"But we must give them every cent of the money, father," she
insisted; "we must make everything right."
"Oh, yes! Oh, yes, we'll fix it up somehow with the creditors," he
would say.
Then he would scowl and rub his shorn head with his tremulous old
hands.
"What did they do with the house, Margaret?" he asked, over and over,
a furtive gleam of anxiety in his eyes. "They didn't tear it down;
did they?"
He waxed increasingly anxious on this point as the years of his
imprisonment dwindled at last to months. And then her dream had
unexpectedly come true. She had money--plenty of it--and nothing
stood in the way. She could never forget the day she told him about
the house. Always she had tried to quiet him with vague promises and
imagined descriptions of a place she had completely forgotten.
"The house is ours, father," she assured him, jubilantly. "And I am
having it painted on the outside."
"You are having it painted on the outside, Margaret?
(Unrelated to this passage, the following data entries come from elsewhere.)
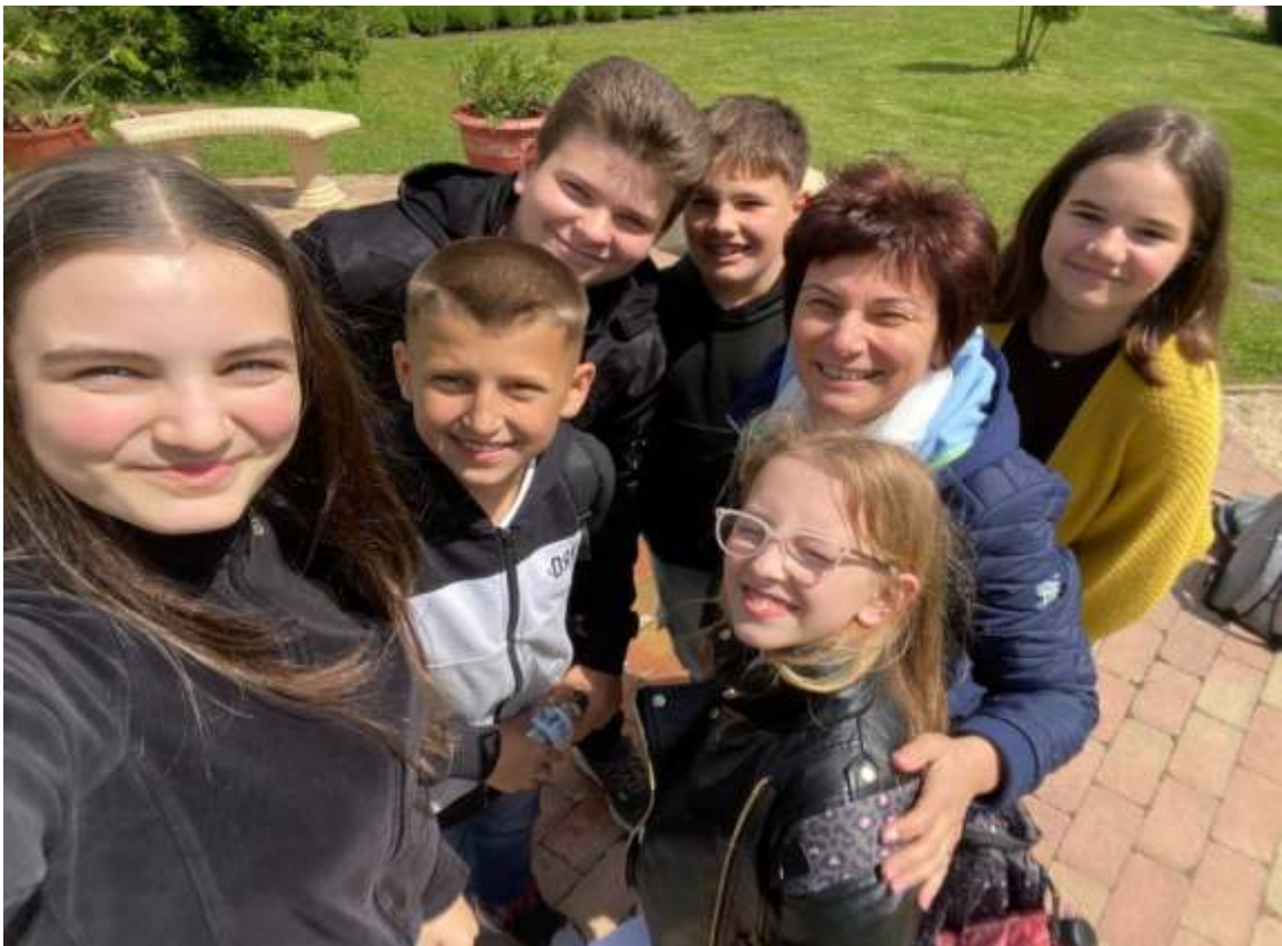
Hittanverseny résztvevői 2025.05.24 (részletek a 25. oldalon)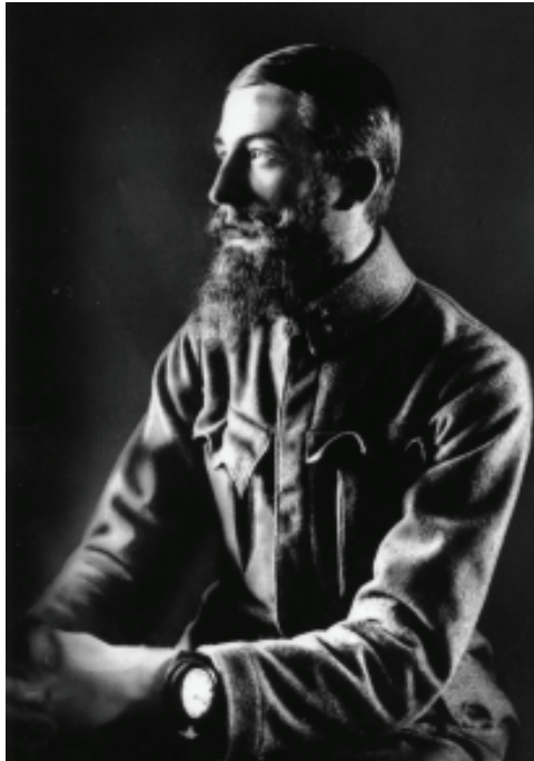
Отаман А. Мельник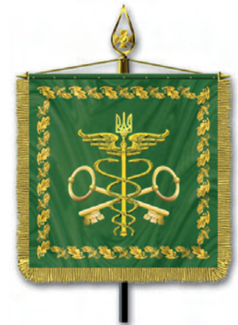
Штандарт Голови Державної митної служби України

Голови Державної митної служби України (від 27 червня 2003 року, № 554);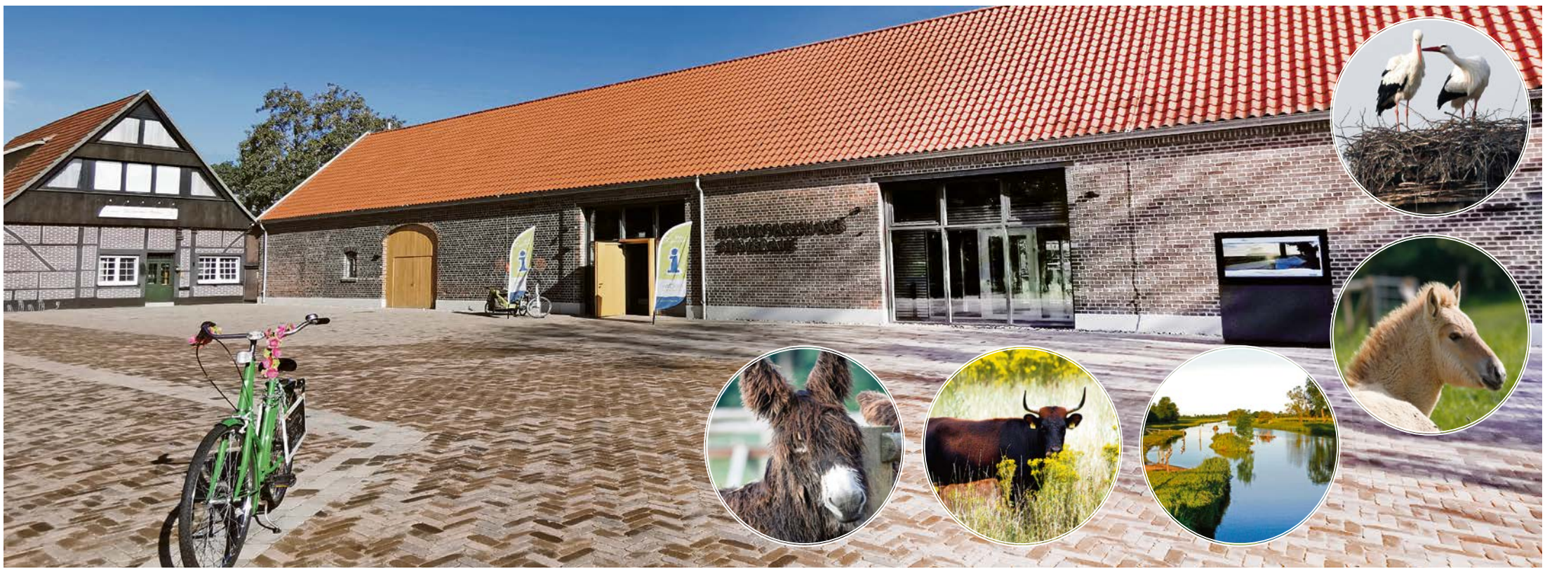
Das Naturparkhaus in Olfen ist nun auch im Innenbereich fast fertiggestellt. Ab dem 20. Mai können sich alle Besucher im Erlebnissbereich nicht nur informieren, sondern die Steveraeue interaktiv erleben.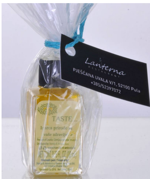
Slika 20 Poklon paketić za jedan restoran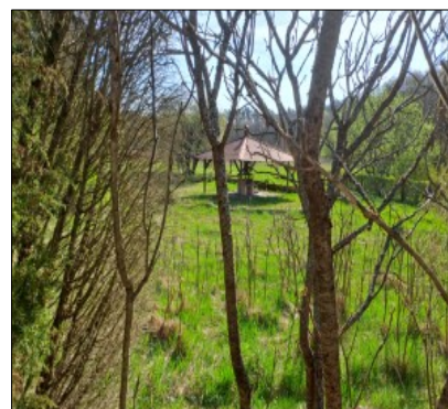
Widok na działkę nr 493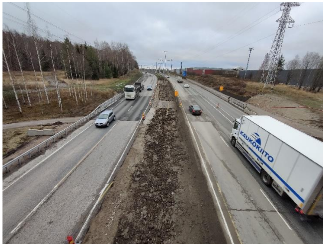
Kuva 2. Yleiskuva sillalta S106 itään. Sillan S107 kohdalla kiertotiejärjestelyt purettu.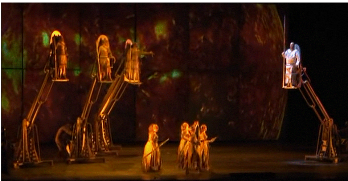
Figura 0.2. Arte total.

Nota. La Valquiria, de Richard Wagner (1970). Fotografía de la versión escénica de la compañía teatral española La fura dels baus (2007). Valencia: Palau de Les Arts Reina Sofía.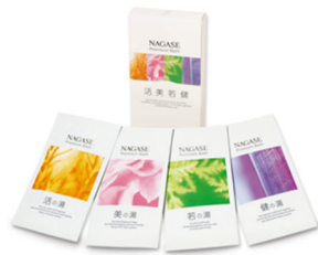
① ナガセ プレミアム バス

※寄付は、個人名では行いません。お申し出いただいた件数・金額を集計し、当社が一括して寄付いたします。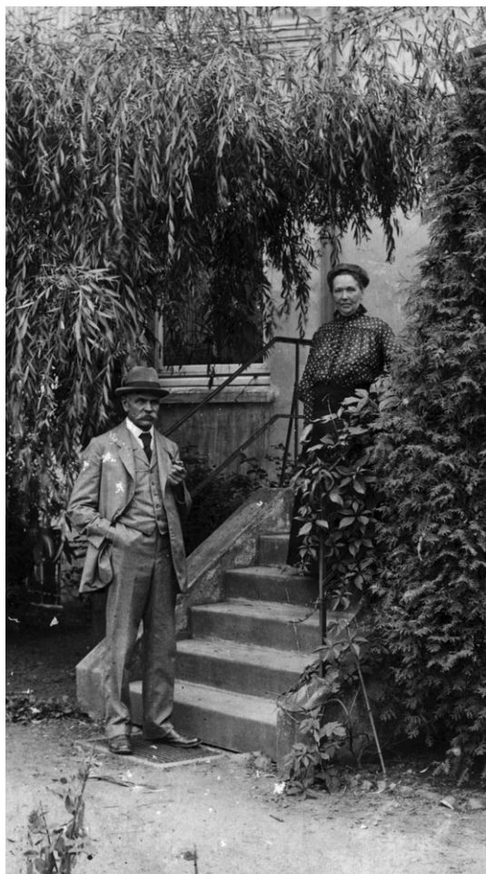
Ægteparret Jacobs ved køkkentrappen i haven.

Men hvad gør vi nu? – Kørehesten blev spændt for den lette fjedervogn, datidens »varevogn«, og så kørte far til Hurup Jernstøberi, de måtte da kunne svejse den! Men nej – den ville aldrig få den fine klang tilbage,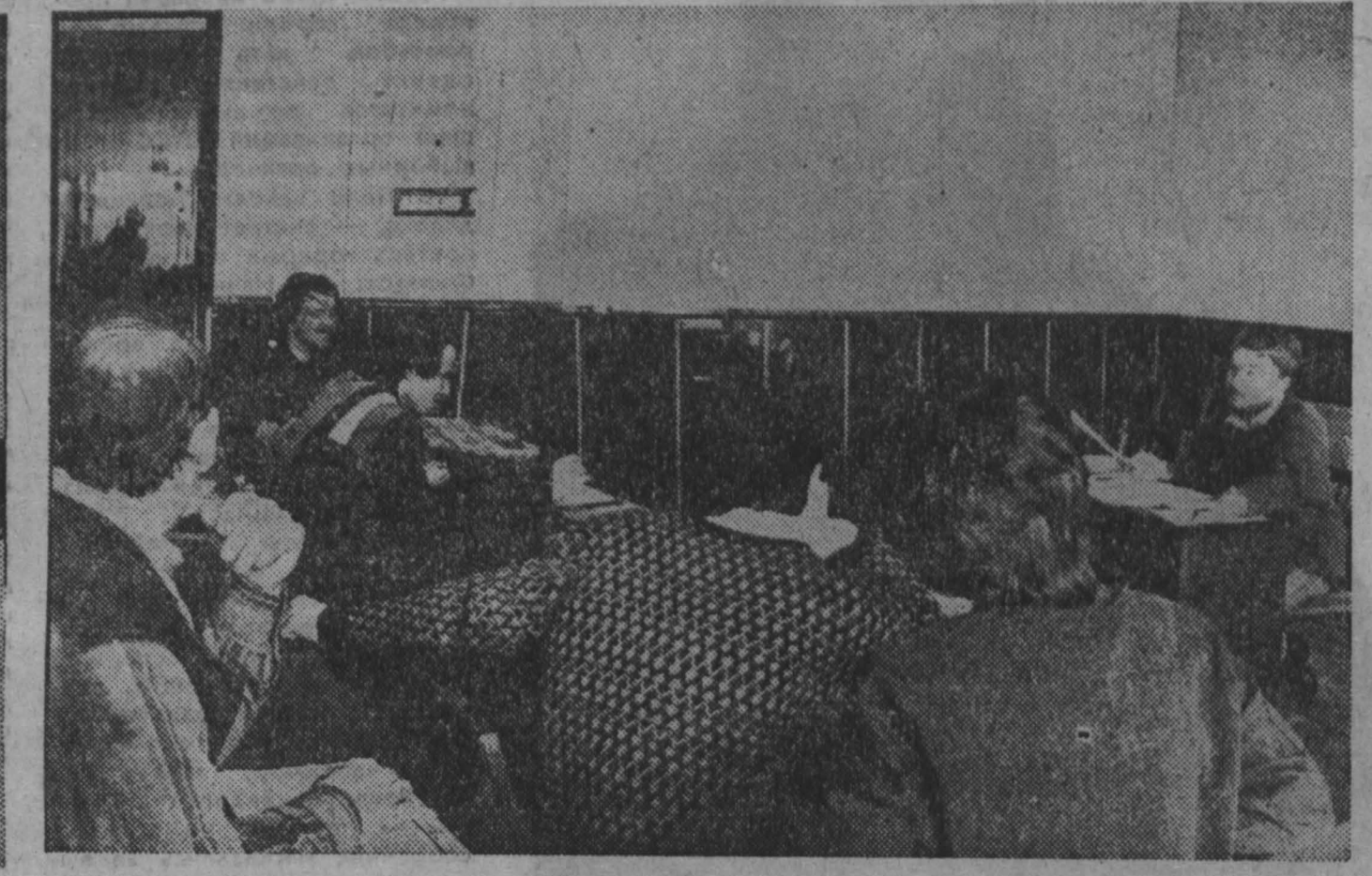
КУЗБАСС 26 апреля 1991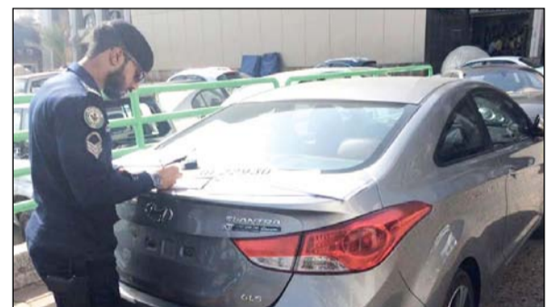
أحد رجال المرور أثناء تسجيل مخالفة

استكمالا وإيضاحا للبيان الذي أصدرته الإدارة العامة للعلاقات والإعلام الأمني بوزارة الداخلية بشأن استمرار العمل بالمادة 42 من قانون المرور الخاص بسحب لوحات المركبات العرقله لحركة السير دون استثناء أو انتقائية بالتطبيق، أوضحت الإدارة أن وكيل وزارة الداخلية الفريق سليمان الفهد، أصدر تعليماته لرجال المرور بمراعاة التعامل مع بعض الفئات والمواقع انطلاقاً من اعتبارات إنسانية أو عملية وهي: طلبة الجامعة والتعليم التطبيقي، المستشفيات الحكومية والخاصة، المواقع التي يرتادها كبار السن وذوو الاحتياجات الخاصة، عمليات تفريغ البضائع أو تحميلها عند بعض المجمعات التجارية، واستطردت الإدارة أن الفريق الفهد أكد على ضرورة التمييز في هذه الحالات بين التعامل مع مخالفة ممنوع الوقوف، ومخالفة عرقله السير، ومراعاة ظروف كل المواقع والفئات طبقاً للنواحي الإنسانية والواقعية والعملية. وأكدت الإدارة أنه منذ تفصيل المادة 42 من قانون المرور تضع الإدارة العامة للمرور في اعتبارها تعليمات الفريق الفهد واضحة ويتم العمل بها من جانب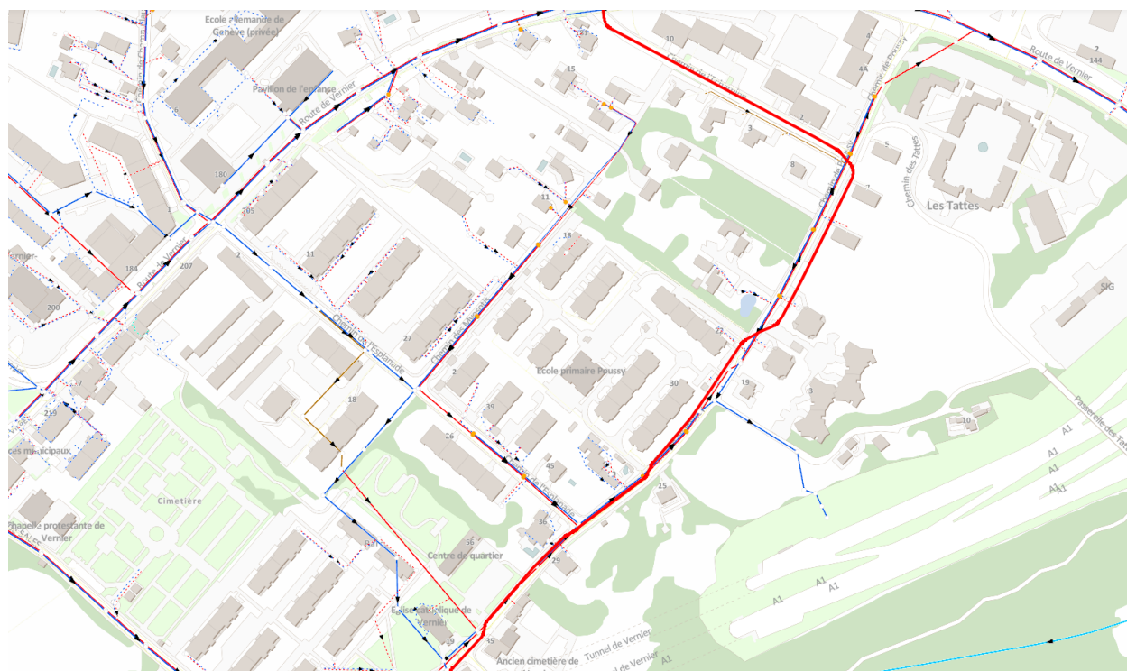
Figure 1 : tracé de la conduite Gaznat (tracé en gras rouge)

La société GAZNAT SA exploite une canalisation de transport de gaz à haute pression, qui traverse le territoire communal du Lignon à la zone industrielle des Batailles, en passant par le Bois des Frères, le chemin de Poussy, de l'Écharpine et la route du Nant-d'Avril. Un projet de remplacement et de sécurisation du tronçon de la conduite de transport de gaz situé sous les chemins de Poussy et de l'Écharpine est prévu à court terme. Ce tronçon est représenté par le tracé en rouge sur la figure 1 ci-dessous.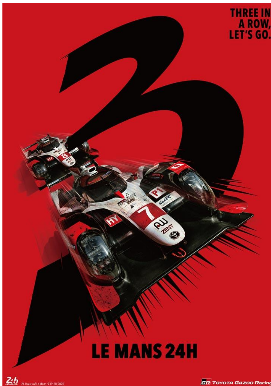
Visual de TGR para Le Mans (versión vertical)

La imagen de la campaña se puede descargar como fondo de pantalla desde el sitio web especial de TGR Le Mans.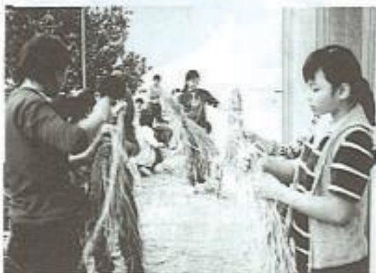
小朋友在參加稻草創意比賽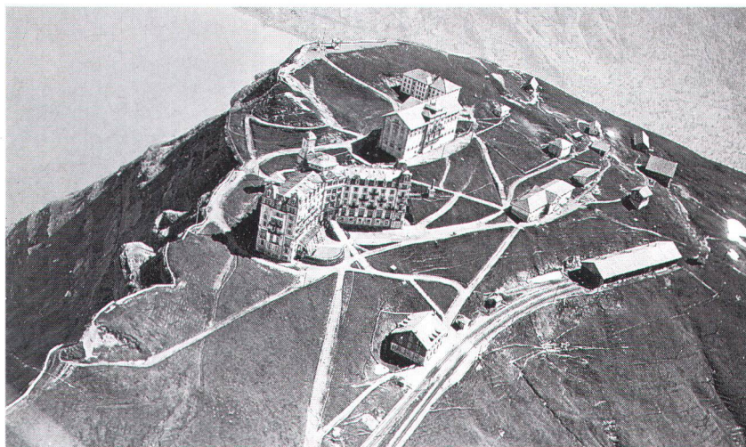
Une épine dans le pied des protecteurs du patrimoine pendant longtemps: la multiplication des infrastructures touristiques sur le sommet du Rigi avant l'«assainissement» de 1951.

L'un des buts du Heimatschutz est alors d'obtenir une loi fédérale pour la protection des paysages et des sites. Il faudra encore attendre longtemps, en vérité, mais c'est grâce ses efforts qu'un article (702) pour la protection des sites et des paysages est introduit dans le Code Civil Suisse, entré en vigueur en 1912. A partir des années 29 et 30 les projets hydro-électriques se multiplient et les deux ligues, «Naturschutz» et «Heimatschutz», se mobilisent pour préserver les sites et paysages les plus précieux: il y a danger en effet pour les chutes du Rhin, dans le canton de Schaffhouse; des menaces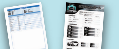
《Diag Printout II》

SSSシリーズでは、内蔵の[Diag Printout II]とお手持ちのタブレットまたはスマートフォンを使用した[EASY Report Plus]で診断レポートを発行可能 カーオーナーへの提案・エビデンスとしてご活用いただけます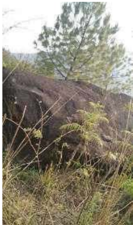
གནས་ཁང་ངམ་ཕོ་བྲང།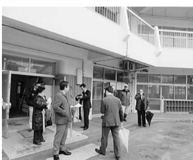
駒込第一保育園視察

Was that
necessary, already?"
"Yes, father.... But I am Lydia. Don't you remember? I am your little
girl, grown up."
"Yes, yes, of course. You are like your mother-- And you are having
the house painted? Who's doing the job?"
She told him the man's name and he laughed rather immoderately.
"He'll do you on the white lead, if you don't watch him," he said. "I
know Asa Todd. Talk about frauds-- You must be sure he puts honest
linseed oil in the paint. He won't, unless you watch him."
"I'll see to it, father.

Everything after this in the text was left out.